When they became sufficiently educated to cease enslaving their own people, they then enslaved the first race they could conquer. If they differed in religion, they enslaved them. If they differed in color, that was sufficient. If they differed even in language, it was enough. If they were captured, they then pretended that having spared their lives, they had the right to enslave them. This argument was worthless. If they were captured, then there was no necessity for killing them. If there was no necessity for killing them, then they had no right to kill them. If they had no right to kill them, then they had no right to enslave them under the pretence that they had saved their lives.

Every excuse that the ingenuity of avarice could devise was believed to be a complete justification, and the great argument of slaveholders in all countries has been that slavery is a divine institution, and thus stealing human beings has always been fortified with a "Thus saith the Lord."

Slavery has been upheld by law and religion in every country. The word Liberty is not in any creed in the world. Slavery is right according to the law of man, shouted the judge. It is right according to the law of God, shouted the priest. Thus sustained by what they were pleased to call the law of God and man, slaveholders never voluntarily freed the slaves, with the exception of the Quakers. The institution has in all ages been clung to with the tenacity of death; clung to until it sapped and destroyed the foundations of society; clung to until all law became violence; clung to until virtue was a thing only of history; clung to until industry folded its arms—until commerce reefed every sail—until the fields were desolate and the cities silent, except where the poor free asked for bread, and the slave for mercy; clung to until the slave forging the sword of civil war from his fetters drenched the land in the master's blood. Civil war has been the great liberator of the world.

Slavery has destroyed every nation that has gone down to death. It caused the last vestige of Grecian civilization to disappear forever, and it caused Rome to fall with a crash that shook the world. After the disappearance of slavery in its grossest forms in Europe, Gonzales pointed out to his countrymen, the Portuguese, the immense profits that they could make by stealing Africans, and thus commenced the modern slave-trade—that aggregation of all horror—that infinite of all cruelty, prosecuted only by demons, and defended only by fiends. And yet the slave-trade has been defended and sustained by every civilized nation, and by each and all has been baptized "Legitimate commerce," in the name of the Father, the Son and the Holy Ghost:

It was even justified upon the ground that it tended to Christianize the negro.
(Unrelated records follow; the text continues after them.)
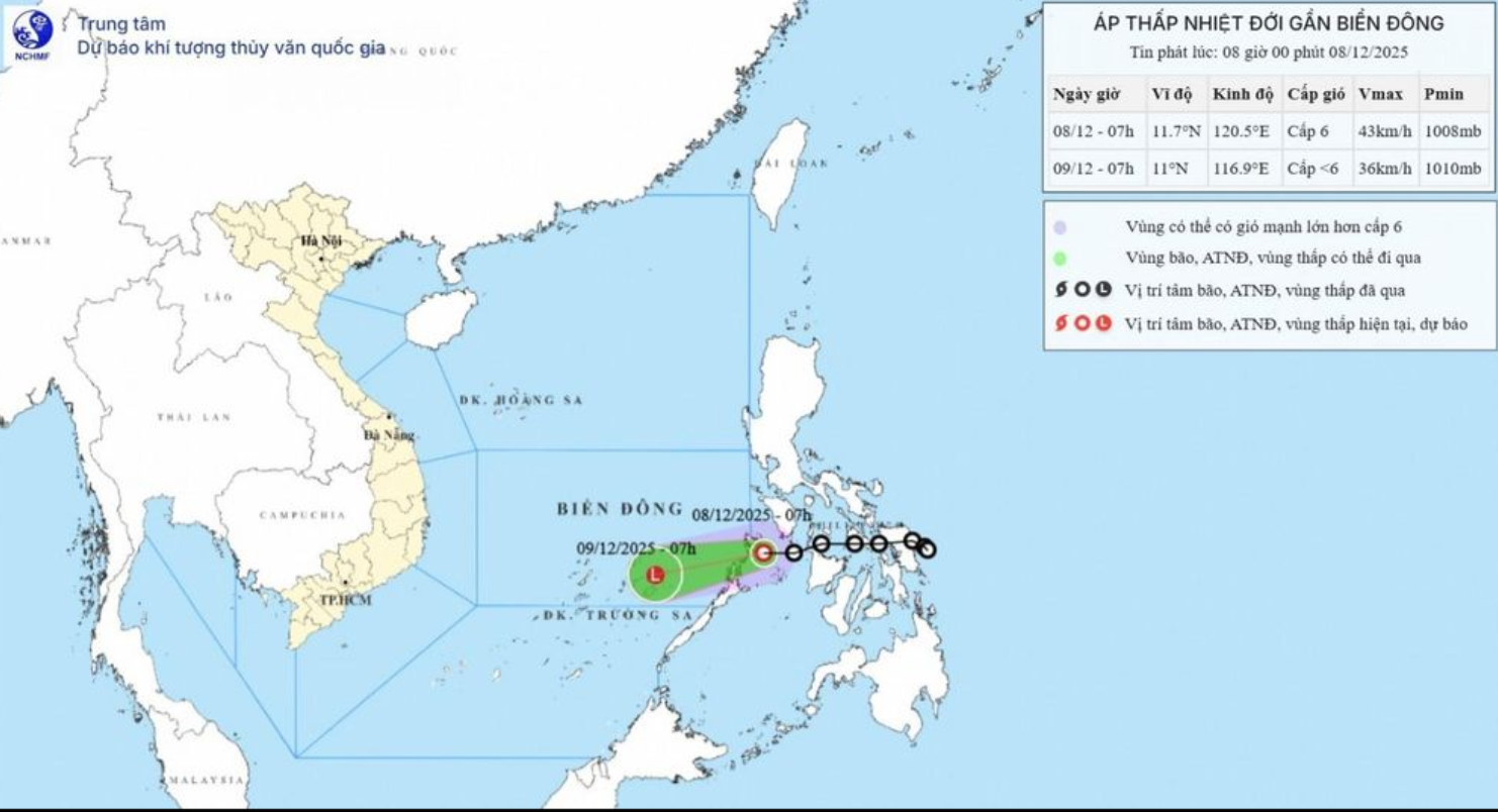 Theo ghi nhận mới nhất từ cơ quan khí tượng, tâm áp thấp nhiệt đới đang nằm gần khu vực phía Đông đảo Palawan. Sức gió mạnh nhất quanh tâm đạt cấp 6, giật cấp 8 – mức có thể gây nguy hiểm cho tàu thuyền hoạt động trên biển. Hệ thống này đang di chuyển theo hướng Tây với tốc độ khá nhanh, từ 15–20 km/h, và dự kiến đi vào vùng biển phía Nam Biển Đông trong thời gian ngắn tới. Đây là thời điểm người dân, đặc biệt là ngư dân và các đơn vị quản lý tàu thuyền, cần theo dõi sát diễn biến để chủ động ứng phó.
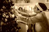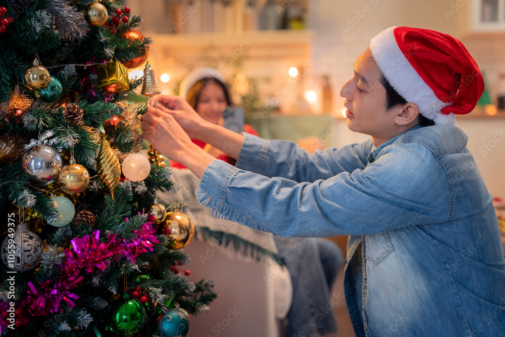 A joyful man in Santa hat decorates Christmas tree with colorful ornaments, creating festive atmosphere. woman in background enjoys holiday spirit
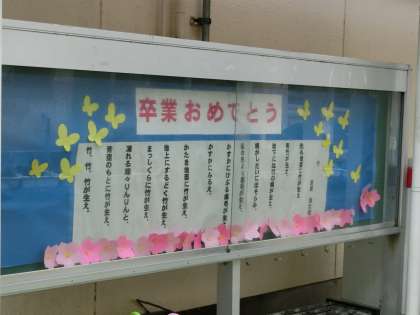 卒業へのお祝いを掲示しています。
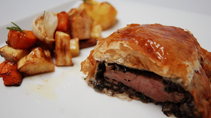 - Place the lamb on top and roll the pastry around it. Brush the pastry with a lightly beaten egg and place on a floured oven tray.
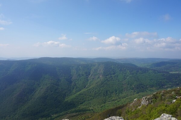 Vue vers la vallée, au sud-est.
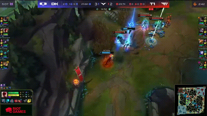 T1 vs DK首局集锦:Faker发条定海神针,T1首局力克DK
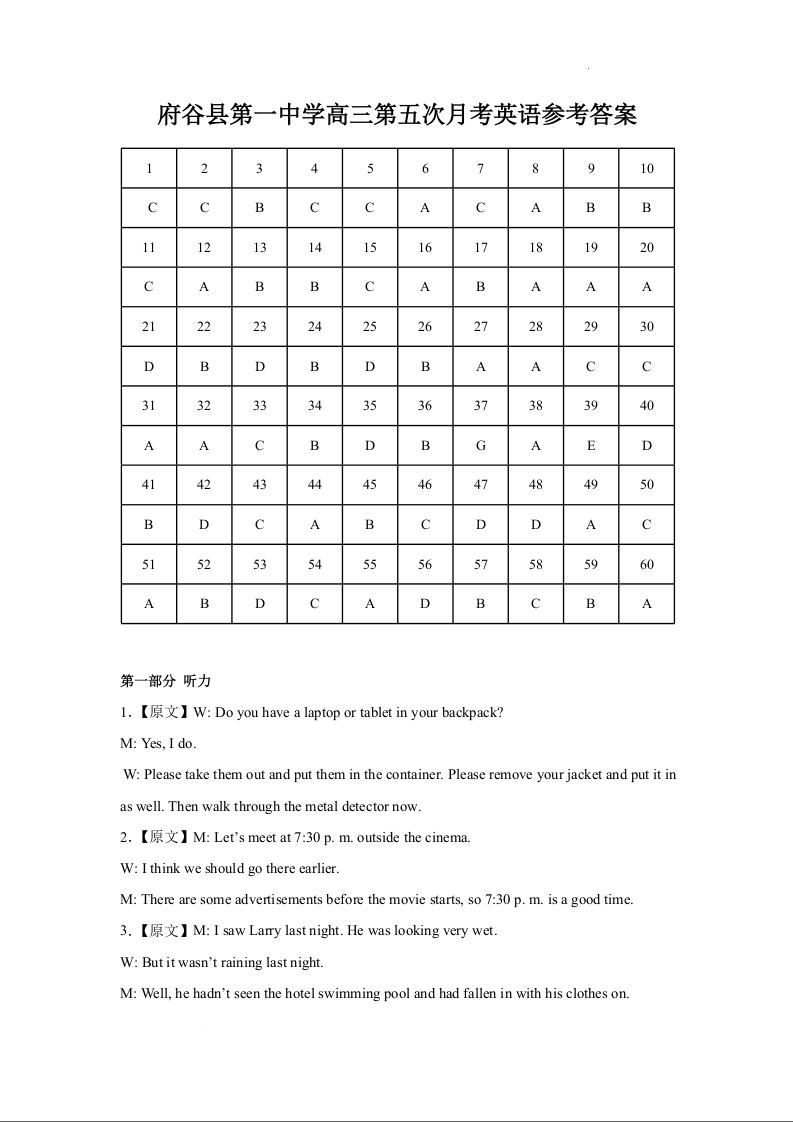陕西省榆林市府谷县第一中学2023-2024学年高三上学期12月月考 英语答案
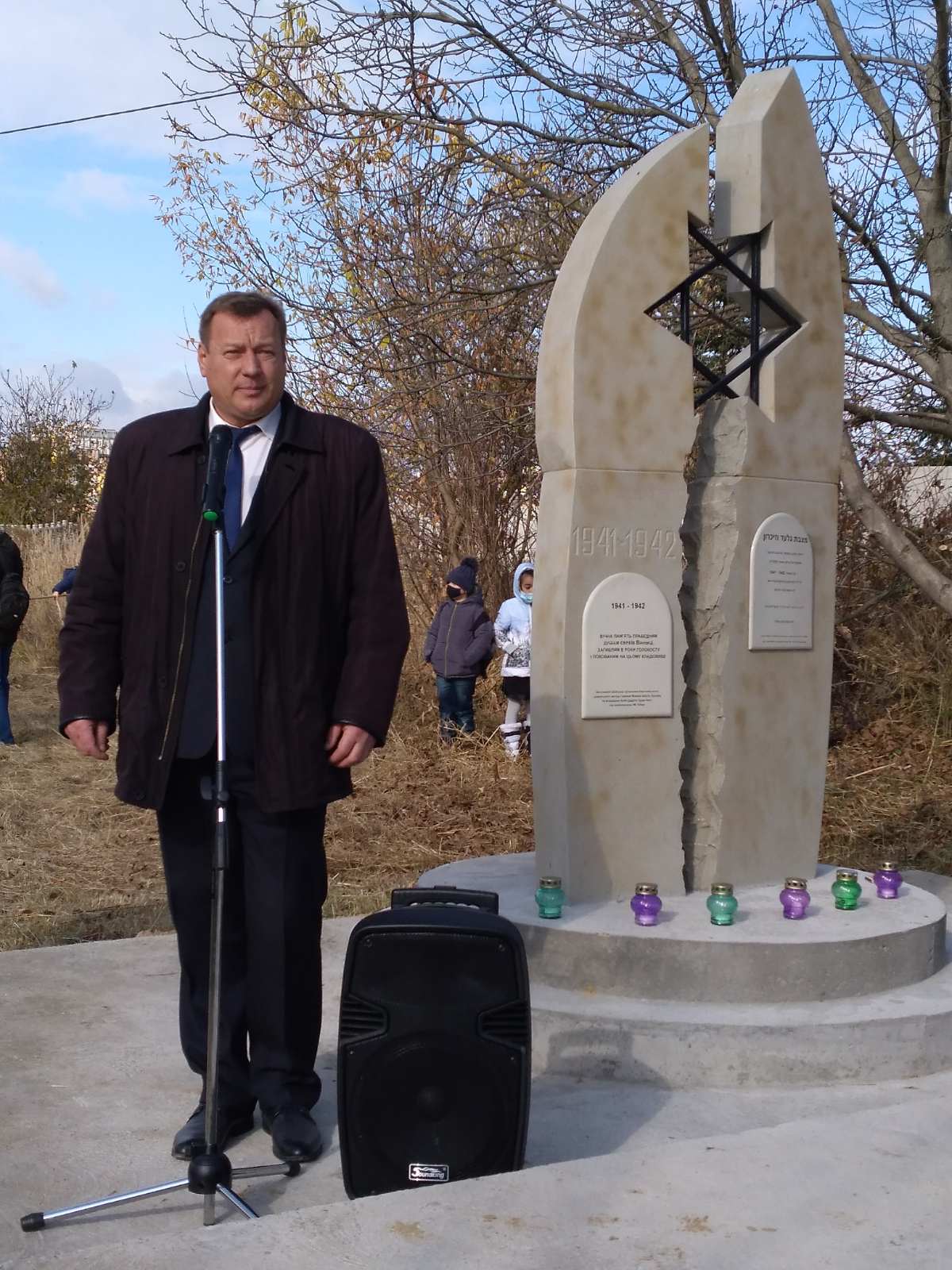 «- Відомо, що на місця масових розстрілів на вулицю Максимовича тоді гнали євреїв зі Старого Міста… Але, щоб не «витрачати час», їх тоді зігнали тут на цвинтар і знищили… І ось врешті закрита ще одна «біла пляма» у трагедії вінницького Голокосту. Але, на жаль, ще близько 25 місць таких масових розстрілів та братських могил досі лишаються невідомими. Це кар’єри цегельних заводів, вінницька траса і так далі,” – повідомив голова Вінницької іудейської релігійної громади Ісаак Новоселетський.

It was of the poor hypocrites who had used this argument that Whittier said,

"They bade the slaveship speed from coast to coast,
Fanned by the wings of the Holy Ghost."

Backed and supported by such Christian and humane arguments slavery was planted upon our soil in 1620, and from that day to this it has been the cause of all our woes, of all the bloodshed—of all the heart-burnings—hatred and horrors of more than two hundred years, and yet we hated to part with the beloved institution. Like Pharaoh we would not let the people go. He was afflicted with vermin, with frogs—with water turned to blood—with several kinds of lice, and yet would not let the people go. We were afflicted with worse than all these combined—the Northern Democracy—before we became grand enough to say, "Slavery shall be eradicated from the soil of the Republic." When we reached this sublime moral height we were successful. The Rebellion was crushed and liberty established.

A majority of the civilized world is for freedom—nearly all the Christian denominations are for liberty. The world has changed—the people are nobler, better and purer than ever.

Every great movement must be led by heroic and self-sacrificing pioneers. In England, in Christian England, the soul of the abolition cause was Thomas Clarkson. To the great cause of human freedom he devoted his life. He won over the eloquent and glorious Wilberforce, the great Pitt, the magnificent orator, Burke, and that far-seeing and humane statesman, Charles James Fox.